DESC:AN IMPROVED PROCESS FOR THE PREPARATION ALOGLIPTIN AND ITS INTERMEDIATE

FIELD OF THE INVENTION

The present invention provides an improved process for the preparation of 2-(6-Chloro-3-methyl-2,4-dioxo-3,4-dihydro-2H-pyrimidin-1-ylmethyl)-benzonitrile of formula (II), an intermediate for the preparation of Alogliptin and pharmaceutically acceptable salts thereof.

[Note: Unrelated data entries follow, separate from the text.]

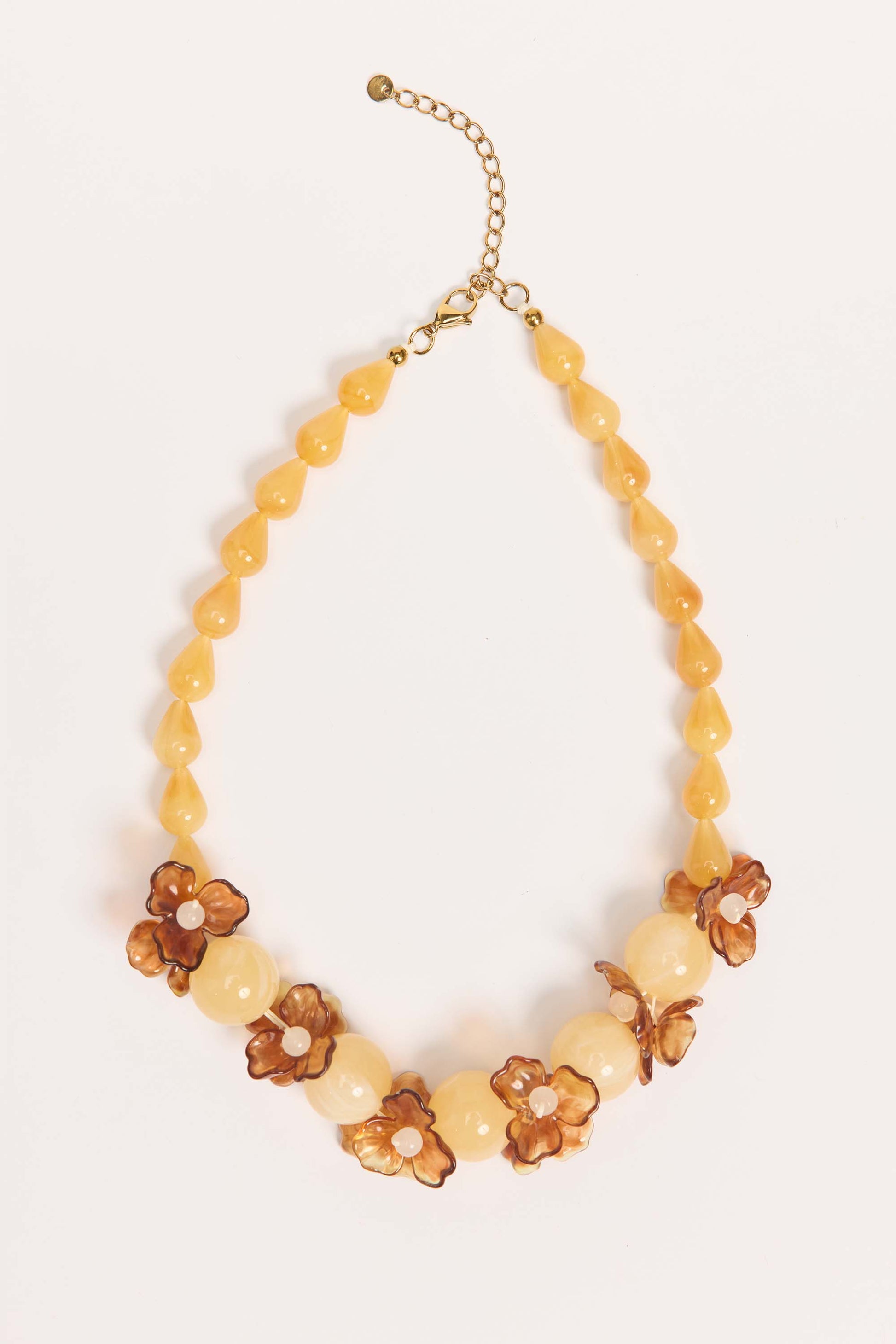 Finished with an adjustable gold-toned chain, the Floral Necklace sits comfortably at the neckline and adds instant impact to simple outfits. A real feel-good accessory that brings colour, texture and personality to day or night styling.
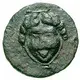 Reverse description Gorgoneion facing with a harpa below
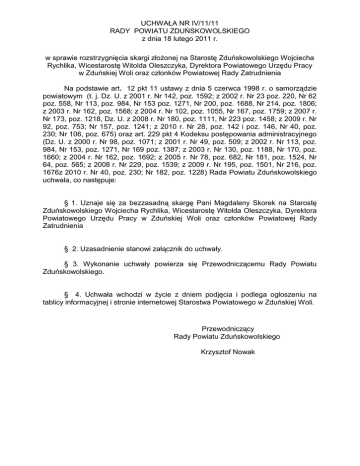 UCHWAŁA NR IV/11/11 RADY POWIATU ZDUŃSKOWOLSKIEGO z

BACKGROUND OF THE INVENTION

Alogliptin which is chemically known as 2-[6-((3R)-3-Amino-piperidin-1-yl)-3-methyl-2,4-dioxo-3,4-dihydro-2H-pyrimidin-1-ylmethyl]-benzonitrile is represented by a compound of formula (I):

Alogliptin is first time disclosed in US 7807689 B2. US ‘689 disclose a process for preparation of Alogliptin as depicted in scheme-1.

Scheme-1

According to US ‘689, 6-Chloro-1H-pyrimidine-2,4-dione is reacted with 2-Bromomethyl-benzonitrile in the presence of sodium hydride (NaH) and Lithium Bromide (LiBr) in a solvent mixture of Dimethyl formamide (DMF) and Dimethylsulfoxide (DMSO) to produce the benzyl substituted uracil derivative in 54% yield. The benzyl substituted uracil derivative is further reacted with iodomethane to give the 1,3-disubstituted uracil. The disubstituted uracil is then reacted with 3(R)-Piperidin-3-ylamine dihydrochloride to provide Alogliptin free base which is converted into its benzoate salt.

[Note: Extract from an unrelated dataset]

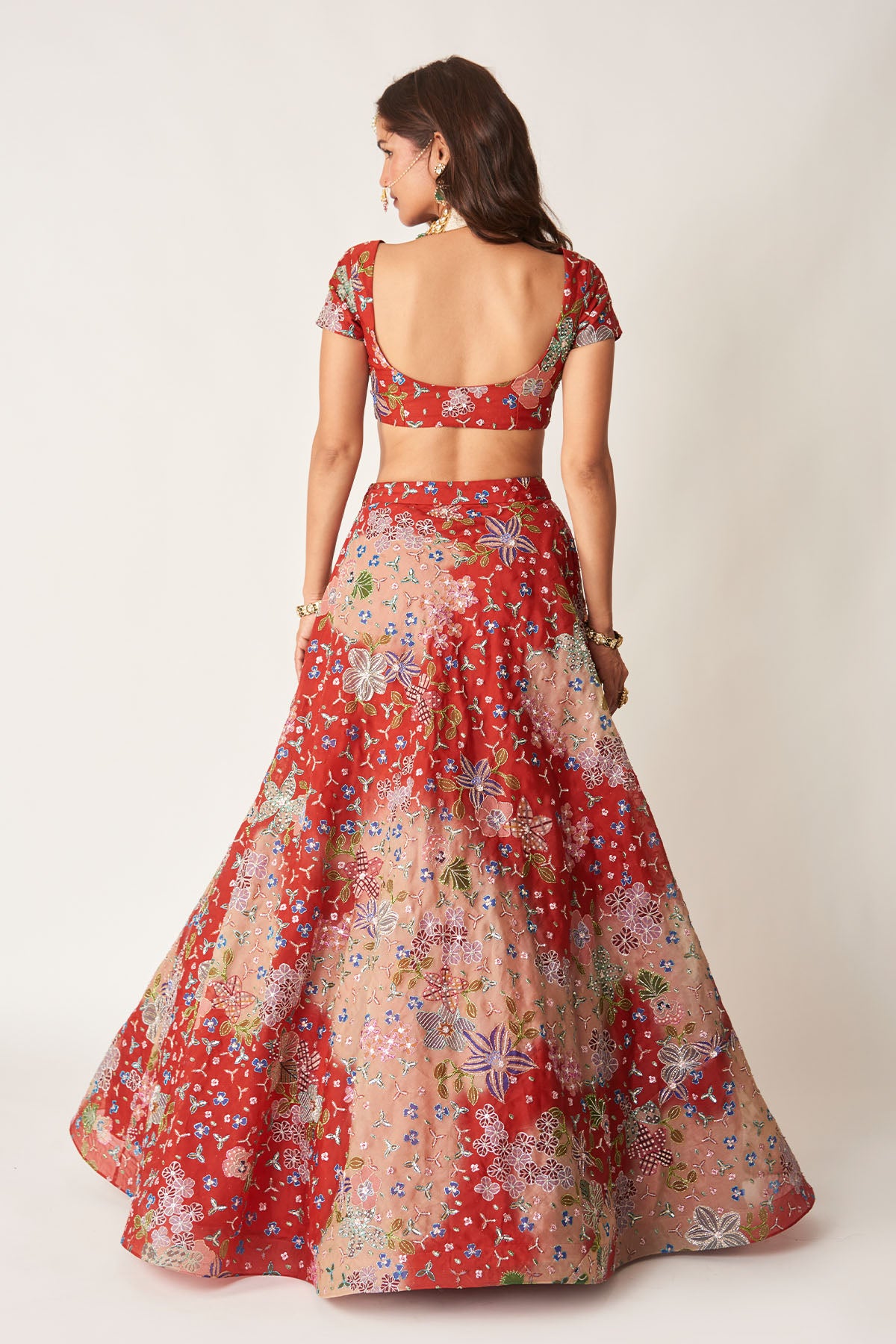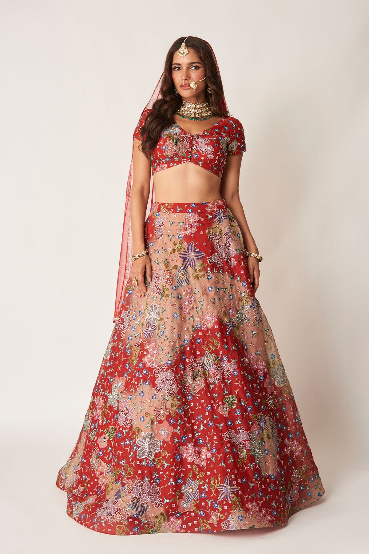 Matilda red printed embellished organza lehenga with blouse & tulle dupatta.

The process as disclosed in US ‘689 involves multiple steps for the preparation of Alogliptin. One of the major disadvantages of above described process is the recovery of solvents from the mixture of high boiling solvents (DMF and DMSO), use of hazardous materials such as NaH and low yield in the first step. This process also uses undesirable potential genotoxic compound like methyl iodide and high molar amounts of LiBr in second step.

US 8222411 discloses a reaction of 6-Chloro-3-methyl-1H-pyrimidine-2,4-dione with 2-Bromomethyl-benzonitrile in the presence of Di-isopropylethylamine (DIPEA) as base in a solvent mixture of N-Methylpyrrolidone (NMP) and toluene to give the 1,3-disubstituted uracil as depicted in scheme-2.

Scheme-2

CN 104592195, CN 103980249, CN 102942556 discloses reaction of the 6-Chloro-3-methyl-1H-pyrimidine-2,4-dione with 2-Bromomethyl-benzonitrile in presence of organic bases like DIPEA, triethylamine or tri n-butylamine in toluene as solvent to obtain 1,3-disubstituted uracil. Use of amines makes the recovery of high boiling point solvents after the reaction difficult. Further these processes require longer reaction times for completion of the reaction.

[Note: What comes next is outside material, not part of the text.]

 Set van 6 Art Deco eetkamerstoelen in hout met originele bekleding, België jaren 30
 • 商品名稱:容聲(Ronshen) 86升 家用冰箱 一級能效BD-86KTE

CN 105968091 discloses a process for preparation of 1,3-disubstituted uracil by reacting 6-Chloro-3-methyl-1H-pyrimidine-2,4-dione with 2-Bromomethyl-benzonitrile in presence of triethylamine as base, catalysts such as copper acetate and potassium iodide in acetonitrile as solvent. CN ‘091 uses high molar quantities of both the cataysts i.e. copper acetate and potassium iodide to attain desirable yield and purity. The recovery of solvents from the reaction mixture is also a problem.

IN 1958/MUM/2014, WO 2015092807, CN 103819450 discloses processes for the preparation of compound of formula (II) using high boiling solvents like NMP, DMF or Dimethylacetamide which are difficult to recover for further recycling making these processes industrially non-feasible.

There exist a need for an improved and industrially scalable process for the production of compound of formula (II), in high yields and purity using safer reagents and low quantities of catalysts, shorter reaction times, and amenable to solvent recovery for recycling.

OBJECT OF THE INVENTION

An object of present invention is to provide an improved process for the preparation of 2-(6-Chloro-3-methyl-2,4-dioxo-3,4-dihydro-2H-pyrimidin-1-ylmethyl)-benzonitrile of formula (II), that is cost effective and commercially feasible.

Another object of the invention is to provide an improved process for the preparation of the compound of formula II in high yields and high purity using safer reagents, shorter reaction times, and amenable to easy solvent recovery for recycling.

Another object of present invention is to provide an improved process for the preparation of Alogliptin of formula (I) and its pharmaceutically acceptable salts at industrial scale.

SUMMARY OF THE INVENTION

In one aspect, the present invention provides an improved process for the preparation of 2-(6-Chloro-3-methyl-2,4-dioxo-3,4-dihydro-2H-pyrimidin-1-ylmethyl)-benzonitrile of formula (II),

which comprises, reacting a compound of formula (III) with a compound of formula (IV),

in the presence of an inorganic base and quaternary ammonium salt in a suitable solvent.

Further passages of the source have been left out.